### WHAT YOU NEED TO DO
Word for word, restate the lines from the one containing "Plage de Coelho" through the last line of the material, and include no pictures.

### SUPPLIED INFORMATION
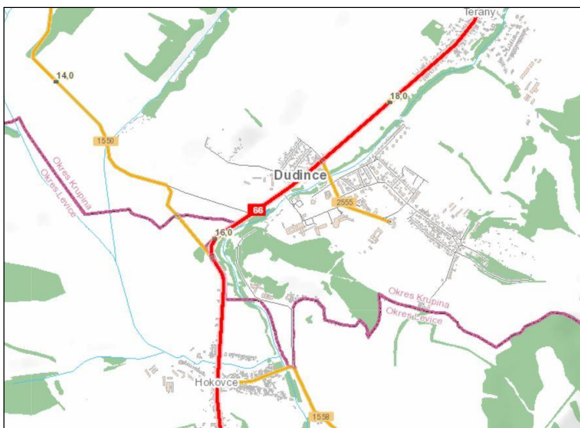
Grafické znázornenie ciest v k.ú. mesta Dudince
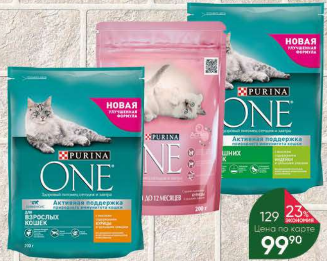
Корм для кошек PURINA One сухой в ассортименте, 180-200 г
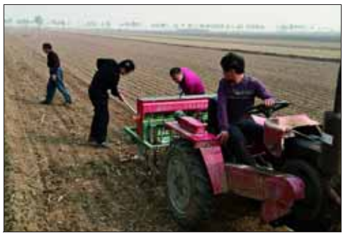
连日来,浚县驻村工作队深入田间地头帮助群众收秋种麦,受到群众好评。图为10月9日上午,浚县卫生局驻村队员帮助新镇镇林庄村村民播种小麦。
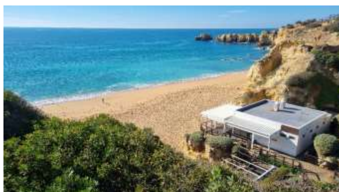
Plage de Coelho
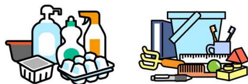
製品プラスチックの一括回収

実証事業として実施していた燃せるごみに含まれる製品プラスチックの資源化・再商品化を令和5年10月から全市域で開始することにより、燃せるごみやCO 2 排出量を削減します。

### RESULT BELOW
Plage de Coelho
製品プラスチックの一括回収

実証事業として実施していた燃せるごみに含まれる製品プラスチックの資源化・再商品化を令和5年10月から全市域で開始することにより、燃せるごみやCO 2 排出量を削減します。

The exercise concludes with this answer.